Recorded information START

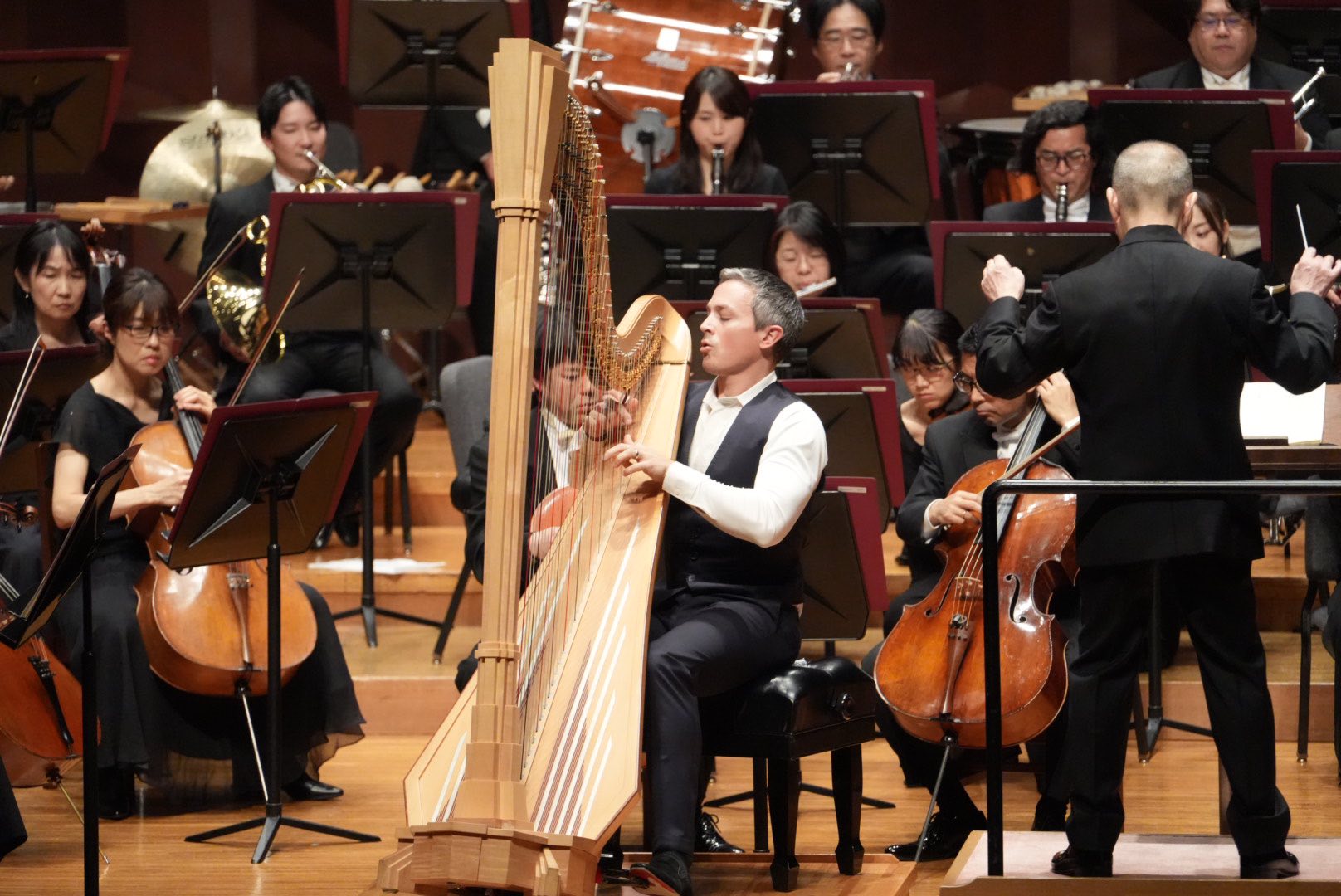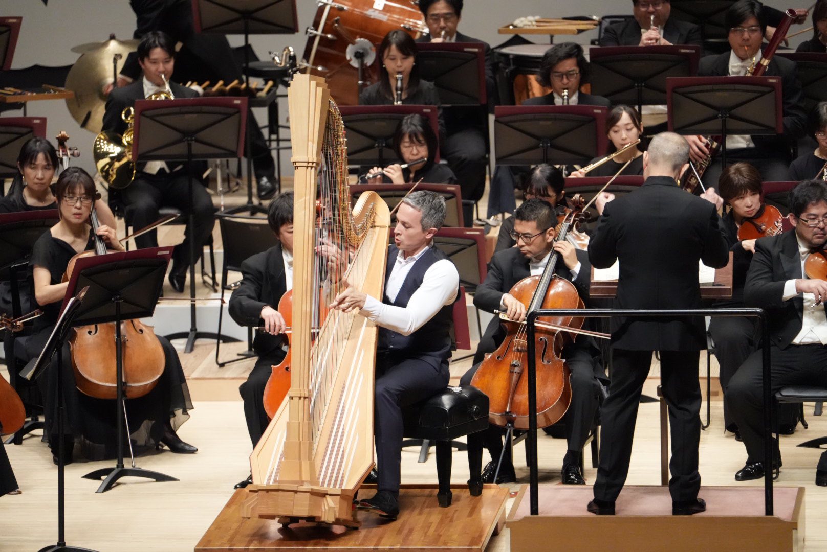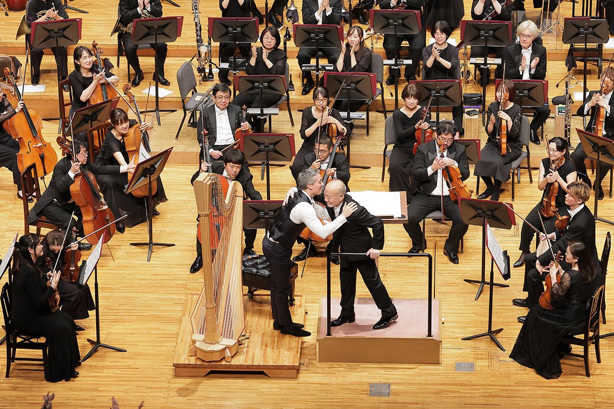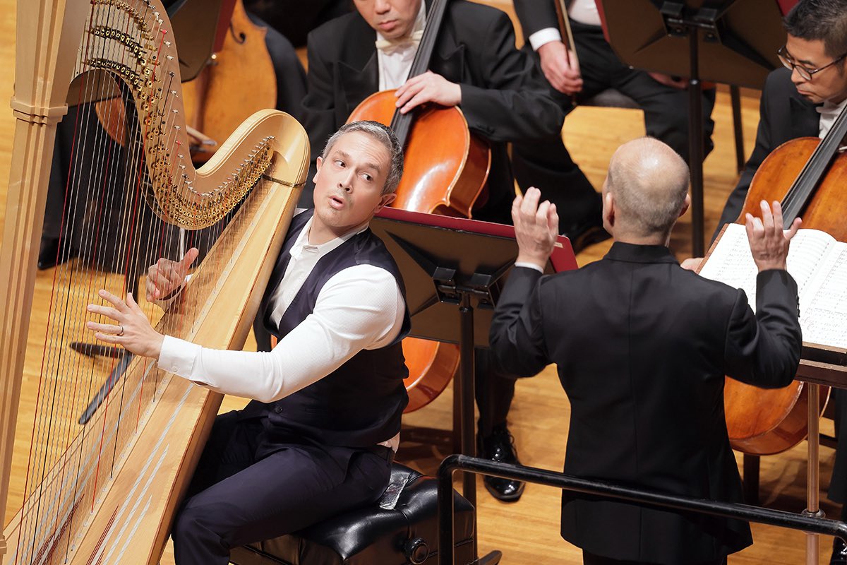 エマニュエル・セイソンさんのハープ力は凄まじいものがあります。ハープの固定概念を吹き飛ばす楽想と演奏スタイルではあるのですが、さらに超えてくる表現力には驚嘆します。激しいけれど力任せじゃない強靭さ。ハープ用にマイク置いてる?!と勘違いしてしまうほどの圧倒的なボリュームと存在感。ハープの響きが引き立つようにと通常のオーケストラよりも少しだけ小さい弦12型編成その必要ないくらいの持って行き感。めまぐるしくキャストが入れ替わり立ち回っても常時輝いてしまう全編主役。ダンスグループなどで一人にフォーカスして追いかけるカメラアングル、韓国語でいうところの「チッケム」状態。英語圏では「ファンカム(Fan Cam)」ですね。もう目も耳も釘付けです。語彙力推し活。
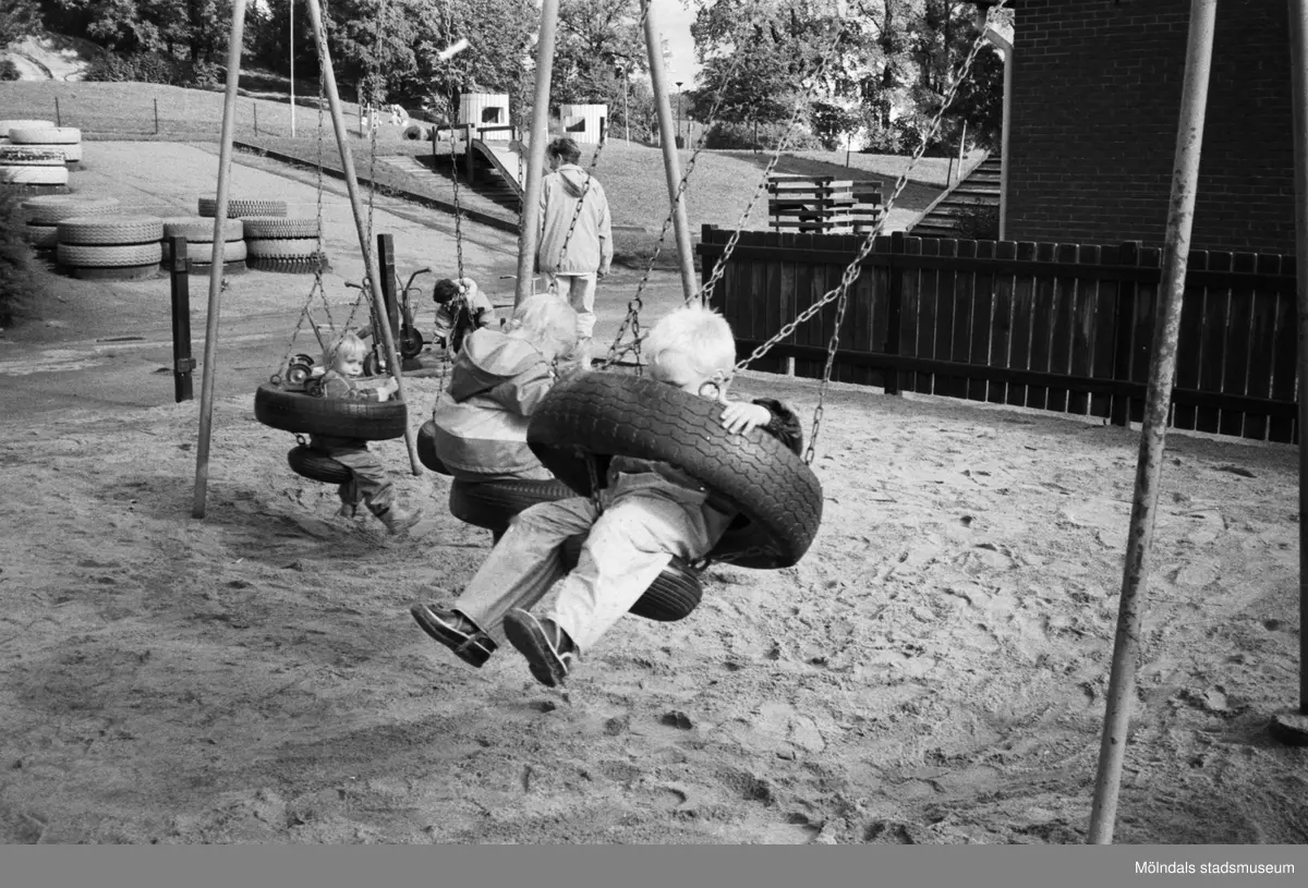 Tre barn gungar i en gungställning som står i en stor sandlåda. I bakgrunden står en fröken med ett annat barn. Längre bort ser man stora däck man kan klättra i. Katrinebergs daghem, 1992.
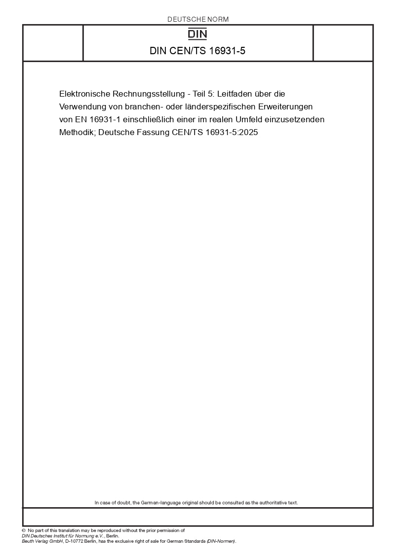 | Name: | Elektronische Rechnungsstellung - Teil 5: Leitfaden über die Verwendung von branchen- oder länderspezifischen Erweiterungen von EN 16931-1 einschließlich einer im realen Umfeld einzusetzenden Methodik; Deutsche Fassung CEN/TS 16931-5:2025 |
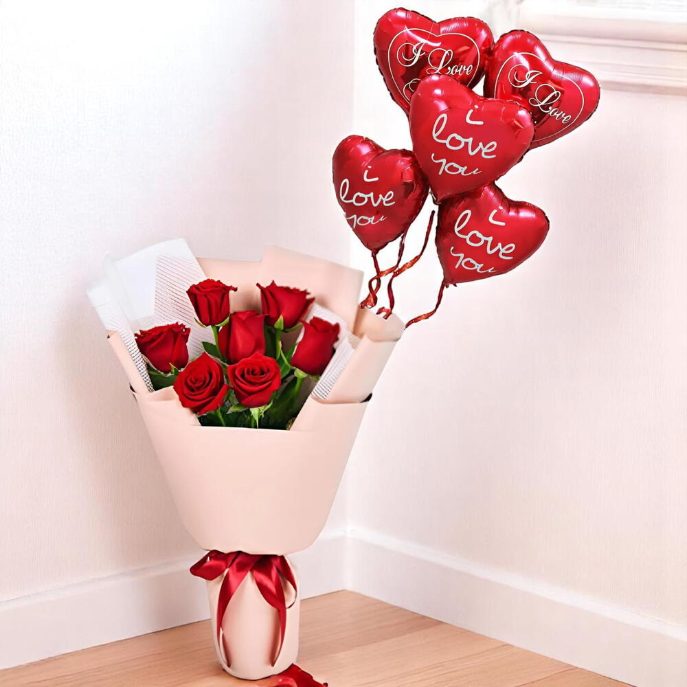 Di "Te amo" de la manera más encantadora con nuestro Combo de 7 Rosas Rojas con Globos Metálicos. Este emotivo arreglo incluye siete rosas rojas frescas, símbolo eterno del amor y la pasión, bellamente envueltas y atadas con un listón de satén. Complementado con cinco elegantes globos metálicos "Te amo" en forma de corazón, es un gesto romántico que dejará una huella imborrable. Perfecto para San Valentín, aniversarios, pedidas de mano o simplemente para recordarle a alguien cuánto significa para ti. Instrucciones de cuidado: Sumerge los tallos de las rosas en agua limpia inmediatamente después de recibirlos. Cambia el agua a diario y recorta las puntas para mantenerlos frescos. Manténlos alejados de la luz solar directa y del aire acondicionado. Los globos metálicos suelen permanecer inflados de 24 a 48 horas en interiores.

Recorded information END

● Task statement
A verbatim copy of the material is needed; pictures are not to appear in it.

● Answer box
 エマニュエル・セイソンさんのハープ力は凄まじいものがあります。ハープの固定概念を吹き飛ばす楽想と演奏スタイルではあるのですが、さらに超えてくる表現力には驚嘆します。激しいけれど力任せじゃない強靭さ。ハープ用にマイク置いてる?!と勘違いしてしまうほどの圧倒的なボリュームと存在感。ハープの響きが引き立つようにと通常のオーケストラよりも少しだけ小さい弦12型編成その必要ないくらいの持って行き感。めまぐるしくキャストが入れ替わり立ち回っても常時輝いてしまう全編主役。ダンスグループなどで一人にフォーカスして追いかけるカメラアングル、韓国語でいうところの「チッケム」状態。英語圏では「ファンカム(Fan Cam)」ですね。もう目も耳も釘付けです。語彙力推し活。
 Tre barn gungar i en gungställning som står i en stor sandlåda. I bakgrunden står en fröken med ett annat barn. Längre bort ser man stora däck man kan klättra i. Katrinebergs daghem, 1992.
 | Name: | Elektronische Rechnungsstellung - Teil 5: Leitfaden über die Verwendung von branchen- oder länderspezifischen Erweiterungen von EN 16931-1 einschließlich einer im realen Umfeld einzusetzenden Methodik; Deutsche Fassung CEN/TS 16931-5:2025 |
 Di "Te amo" de la manera más encantadora con nuestro Combo de 7 Rosas Rojas con Globos Metálicos. Este emotivo arreglo incluye siete rosas rojas frescas, símbolo eterno del amor y la pasión, bellamente envueltas y atadas con un listón de satén. Complementado con cinco elegantes globos metálicos "Te amo" en forma de corazón, es un gesto romántico que dejará una huella imborrable. Perfecto para San Valentín, aniversarios, pedidas de mano o simplemente para recordarle a alguien cuánto significa para ti. Instrucciones de cuidado: Sumerge los tallos de las rosas en agua limpia inmediatamente después de recibirlos. Cambia el agua a diario y recorta las puntas para mantenerlos frescos. Manténlos alejados de la luz solar directa y del aire acondicionado. Los globos metálicos suelen permanecer inflados de 24 a 48 horas en interiores.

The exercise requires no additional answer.